I'm assuming gettimeofday()/clock_gettime() looks something like:
xtime + (get_cycles()-last_update)*(mult+ntp_adj)>>shift
Using (1,000,000, 1) for the (mult,shift) pair.
So first, the easy case:
time(0): gettimeofday: 0 + (0 - 0)*(1M+0)>>1 = 0 ns
time(1): gettimeofday: 0 + (1 - 0)*(1M+0)>>1 = 0.5M ns
time(2): gettimeofday: 0 + (2 - 0)*(1M+0)>>1 = 1M ns
time(2): interrupt
time(2): gettimeofday: 1M + (2 - 2)*(1M+0)>>1 = 1M ns
time(3): gettimeofday: 1M + (3 - 2)*(1M+0)>>1 = 1.5M ns
Now, lets look at how we deal with ticks that arrive late:
time(6): gettimeofday: 2M + (6 - 4)*(1M+0)>>1 = 3M ns
time(7): gettimeofday: 2M + (7 - 4)*(1M+0)>>1 = 3.5M ns
time(7): interrupt
time(7): gettimeofday: 3M + (7 - 6)*(1M+0)>>1 = 3.5M ns
time(8): gettimeofday: 3M + (8 - 6)*(1M+0)>>1 = 4M ns
So everything looks ducky. Now on to when we make NTP adjustments.
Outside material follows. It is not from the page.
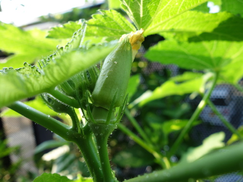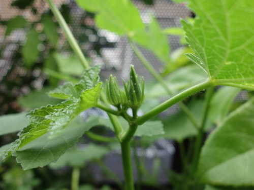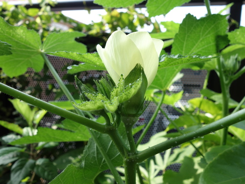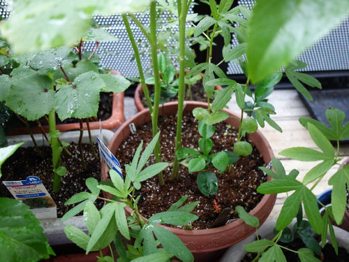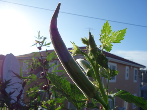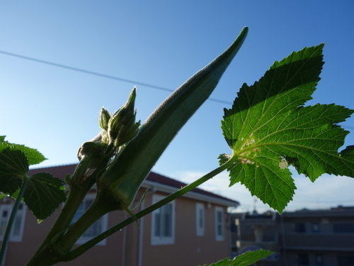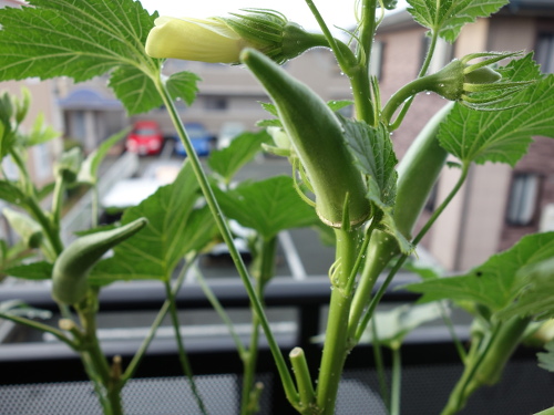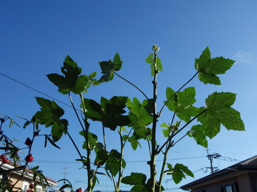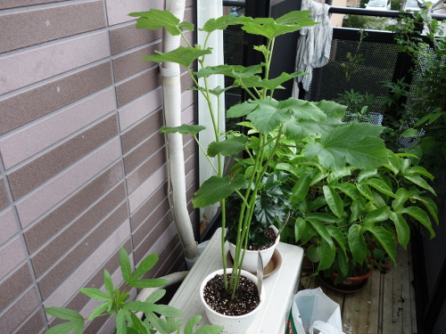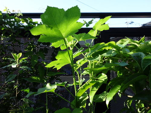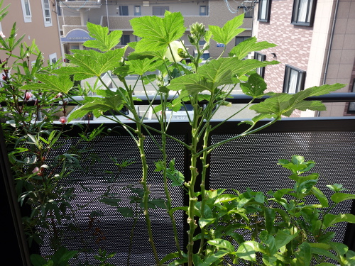 2016年7月27日に最初の花も咲いて、綿棒で授粉してやったら結実して生長しています。今ではパッションフルーツの蔓のあんどん仕立ての高さも越えて、ベランダで最も丈の高い植物になっています。苗が4本1ポットでしたが、間引きをせずに4本全部育てています。一般には1本残して、残りは根元から切るそうです(根を分けることはうまくいきません)。でも、4本ともグングン育っています。このまま4本でいきます。心配なのは水の消費量がかなり多いことです。毎日最低2リットルはやっています。しかし、鉢の底から水は出てきません。猛暑のベランダでこれだけ大きくなった島オクラの木が1個の鉢に4本も植えてあるのだから当然と言えます。

time(11): gettimeofday: 5M + (11 - 10)*(1M+0)>>1 = 5.5M ns
time(12): gettimeofday: 5M + (12 - 10)*(1M+0)>>1 = 6M ns
time(12): interrupt (set ntp_adj = 1000 ~= 500ppm)
time(12): gettimeofday: 6M + (12 - 12)*(1M+ 1000)>>1 = 6M ns
time(13): gettimeofday: 6M + (13 - 12)*(1M+ 1000)>>1 = 6,500,500 ns
time(14): gettimeofday: 6M + (14 - 12)*(1M+ 1000)>>1 = 7,001,000 ns
Still doing fine. Now lets look at doing NTP adjustments while ticks
arrive late:
time(15): gettimeofday: 7,001k + (15 - 14)*(1M+ 1000)>>1 = 7,501,500 ns
time(16): gettimeofday: 7,001k + (16 - 14)*(1M+ 1000)>>1 = 8,002,000 ns
time(17): gettimeofday: 7,001k + (17 - 14)*(1M+ 1000)>>1 = 8,502,500 ns
time(17): interrupt, (set ntp_adj = 0ppm)
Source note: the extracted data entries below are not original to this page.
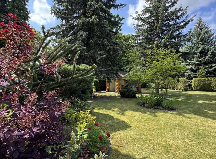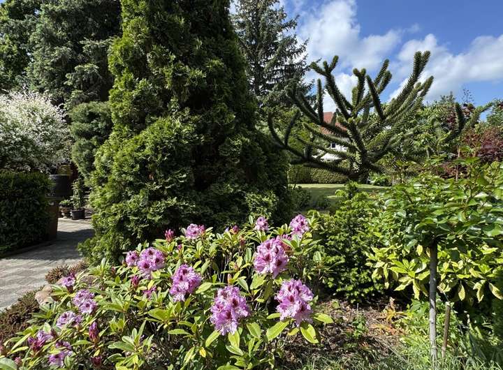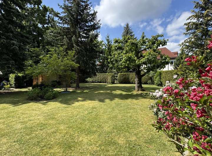 Der Garten ist das absolute Highlight: florale Beete, gepflegte Wege und jede Menge Platz für Erholung, Spiel oder sogar einen Pool.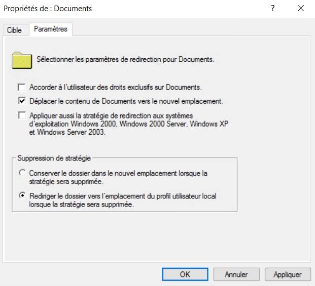 J’ai donc suivi ce tuto afin de paramétrer la redirection des documents de nos utilisateurs.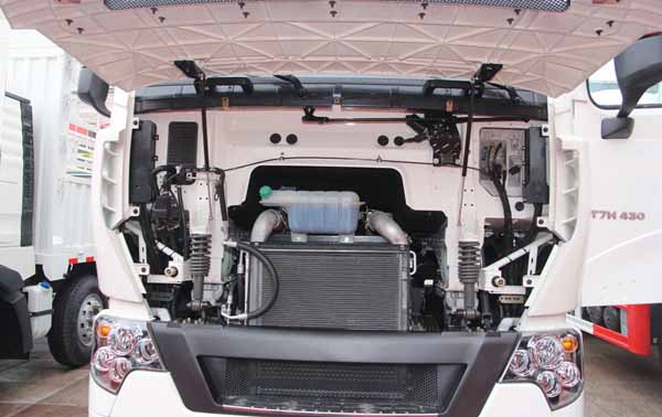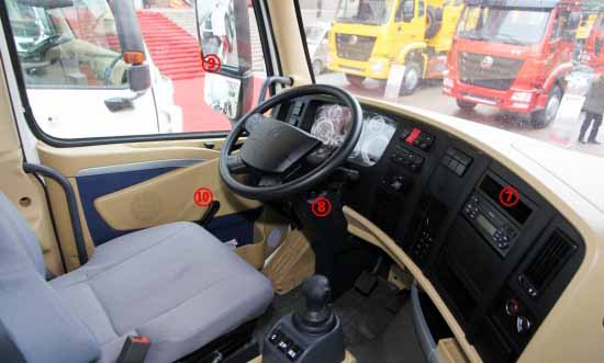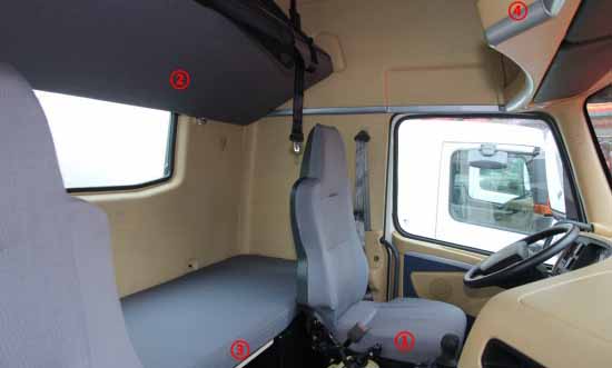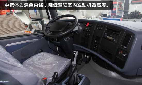 中寬體駕駛室采用了深顏色內(nèi)飾,降低駕駛室內(nèi)發(fā)動(dòng)機(jī)罩高度后,也就不再是平地板駕駛室了,內(nèi)部空間相對(duì)減小,駕駛室高度也有降低,不過(guò)這么做最直接的作用就是自重相比寬體駕駛室減重150kg。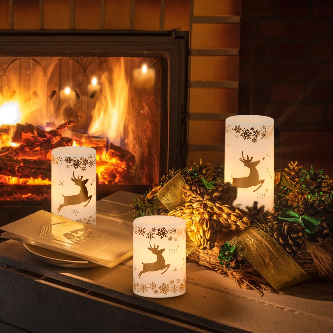 Wondise Flameless Flickering Candles With 6H Timer, Gold Deer Christmas Battery Operated Candles 3 Pack Real Wax Warm Light Led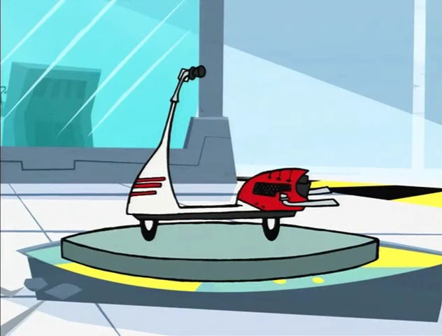 Scoots is a hyper fast scooter that also has a hidden turbo booster in case of reaching for extra speed (light speed) to travel into time. It can get activate if a person pushes the Mach 9 button, placed on the scooter's handle.
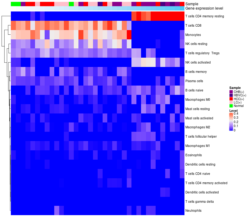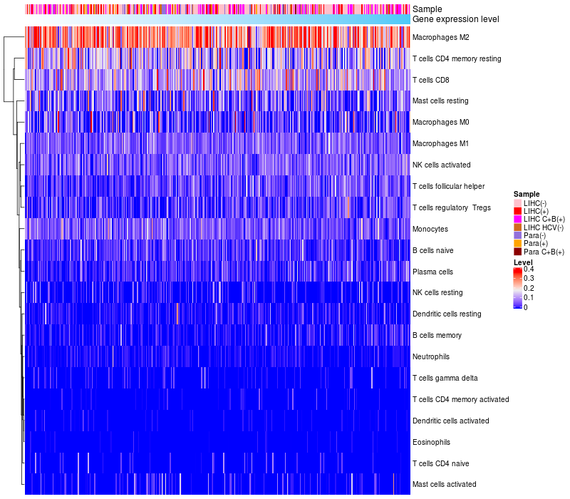 Liver hepatocellular carcinoma HCV (HBV+)(86), Liver hepatocellular carcinoma HCV (HBV-)(19), Liver hepatocellular carcinoma (HBV+)(209), Liver hepatocellular carcinoma (HBV+)(60), Paracancerous HCV (HBV+)(4), Paracancerous (HBV-)(28), Paracancerous (HBV+)(18) |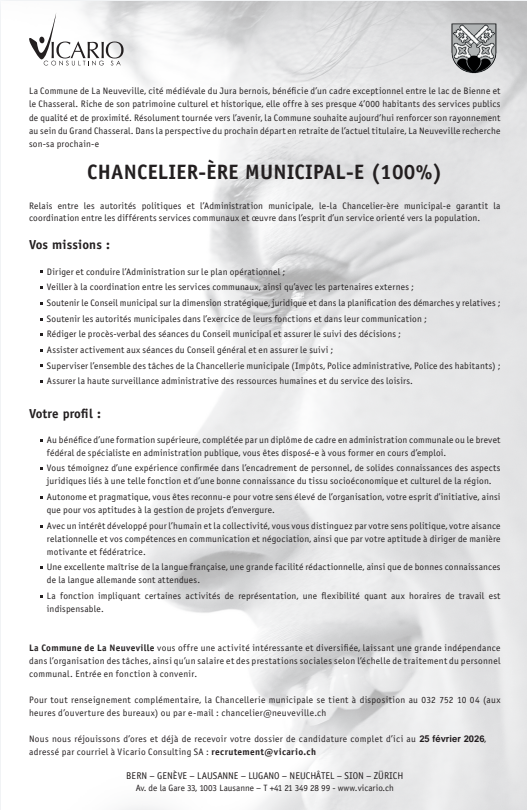 La Commune de La Neuveville, cité médiévale du Jura bernois, bénéficie d’un cadre exceptionnel entre le lac de Bienne et le Chasseral. Riche de son patrimoine culturel et historique, elle offre à ses presque 4’000 habitants des services publics de qualité et de proximité. Résolument tournée vers l’avenir, la Commune souhaite aujourd’hui renforcer son rayonnement au sein du Grand Chasseral. Dans la perspective du prochain départ en retraite de l’actuel titulaire, La Neuveville recherche son-sa prochain-e : CHANCELIER-ÈRE MUNICIPAL-E (100%). Lire la suite….

time(17): gettimeofday: 8,002k + (17 - 16)*(1M+ 0)>>1 = 8,502,000 ns
And bang, we have a 500 ns time inconsistency!
And that was only with a tick arriving 1/2 a tick late. I've dealt with
systems that on occasion miss 30ms worth of ticks due to SMI crazyness.
This is why I accumulate the entire interval with NTP adjustments
consistently between the timer tick and gettimeofday.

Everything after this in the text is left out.